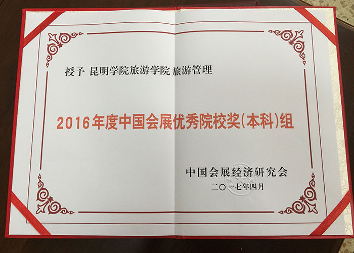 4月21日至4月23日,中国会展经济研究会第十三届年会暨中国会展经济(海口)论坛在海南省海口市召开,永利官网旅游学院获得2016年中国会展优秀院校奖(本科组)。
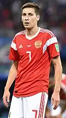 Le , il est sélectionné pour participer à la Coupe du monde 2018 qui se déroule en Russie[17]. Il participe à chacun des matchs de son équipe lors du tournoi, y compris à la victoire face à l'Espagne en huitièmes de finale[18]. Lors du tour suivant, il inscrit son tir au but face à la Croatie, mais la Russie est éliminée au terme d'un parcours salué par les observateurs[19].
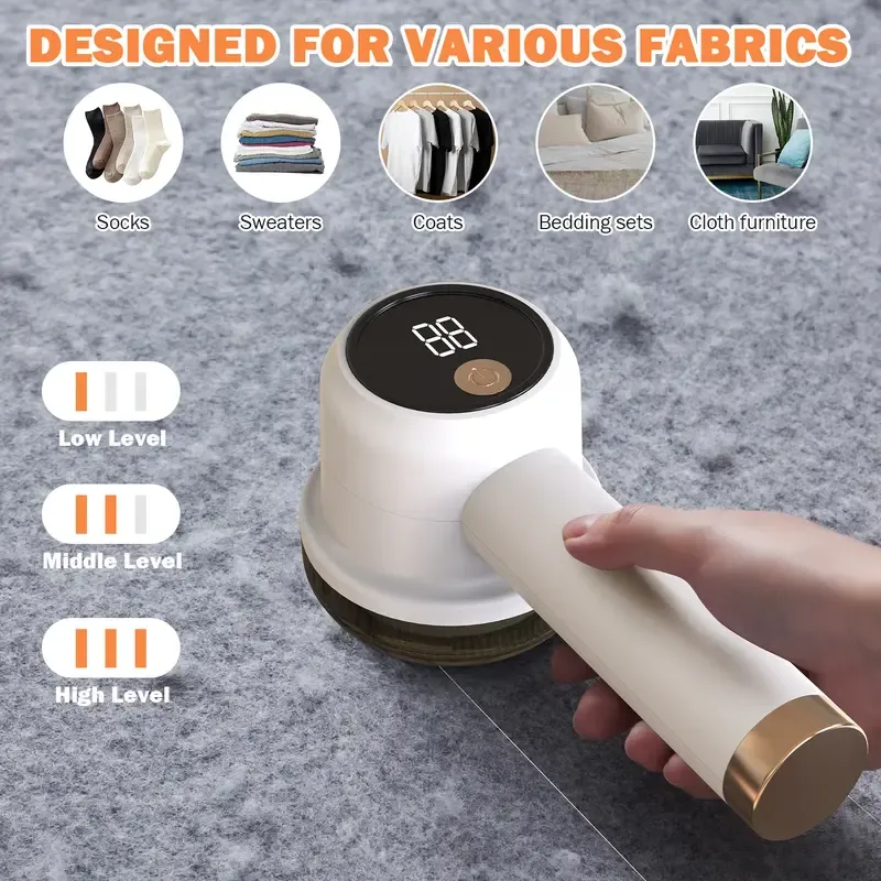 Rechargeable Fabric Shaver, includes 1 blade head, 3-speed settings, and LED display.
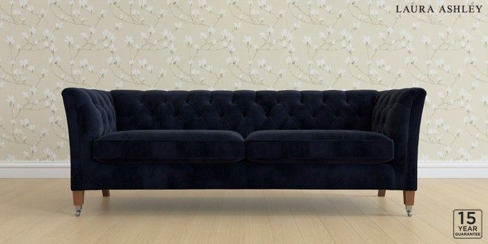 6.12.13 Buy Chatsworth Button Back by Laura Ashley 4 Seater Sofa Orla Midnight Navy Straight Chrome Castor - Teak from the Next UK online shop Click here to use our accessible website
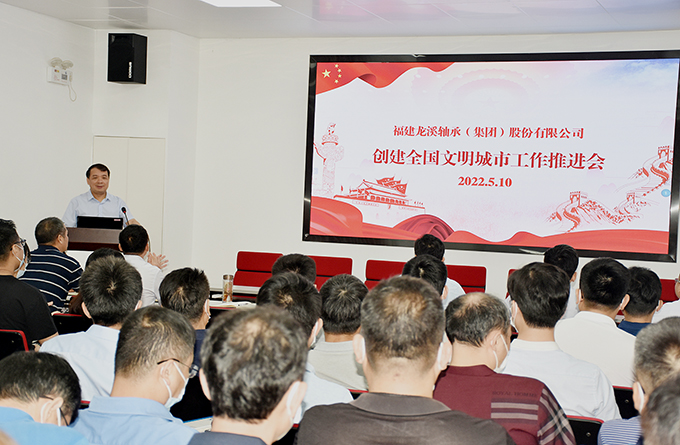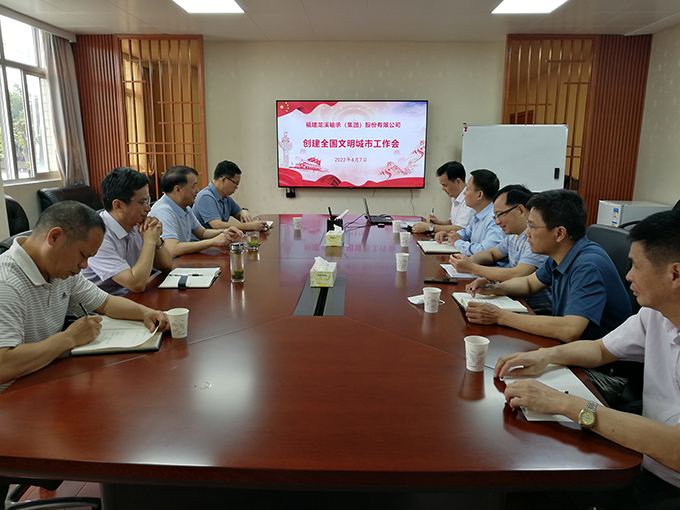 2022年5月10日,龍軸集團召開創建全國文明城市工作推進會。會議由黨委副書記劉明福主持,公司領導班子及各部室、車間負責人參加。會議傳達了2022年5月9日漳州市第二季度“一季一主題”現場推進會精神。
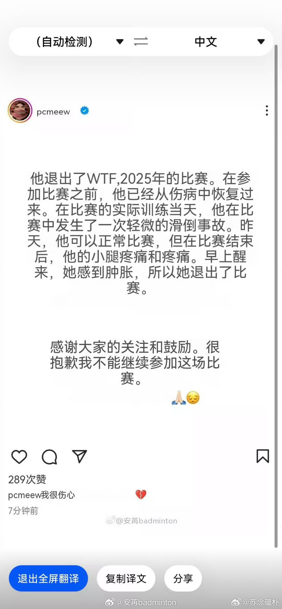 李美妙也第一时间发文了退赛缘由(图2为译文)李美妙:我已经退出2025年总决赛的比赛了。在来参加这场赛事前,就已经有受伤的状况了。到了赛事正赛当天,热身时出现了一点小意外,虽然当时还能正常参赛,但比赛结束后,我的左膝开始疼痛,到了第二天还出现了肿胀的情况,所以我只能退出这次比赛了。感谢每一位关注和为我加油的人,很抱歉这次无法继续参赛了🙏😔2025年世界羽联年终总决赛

Required action:
Take the records above from the line with "2022年5月10日,龍軸集" down to their last line and please copy those lines exactly, without the pictures.

Your solution:
 2022年5月10日,龍軸集團召開創建全國文明城市工作推進會。會議由黨委副書記劉明福主持,公司領導班子及各部室、車間負責人參加。會議傳達了2022年5月9日漳州市第二季度“一季一主題”現場推進會精神。
 李美妙也第一时间发文了退赛缘由(图2为译文)李美妙:我已经退出2025年总决赛的比赛了。在来参加这场赛事前,就已经有受伤的状况了。到了赛事正赛当天,热身时出现了一点小意外,虽然当时还能正常参赛,但比赛结束后,我的左膝开始疼痛,到了第二天还出现了肿胀的情况,所以我只能退出这次比赛了。感谢每一位关注和为我加油的人,很抱歉这次无法继续参赛了🙏😔2025年世界羽联年终总决赛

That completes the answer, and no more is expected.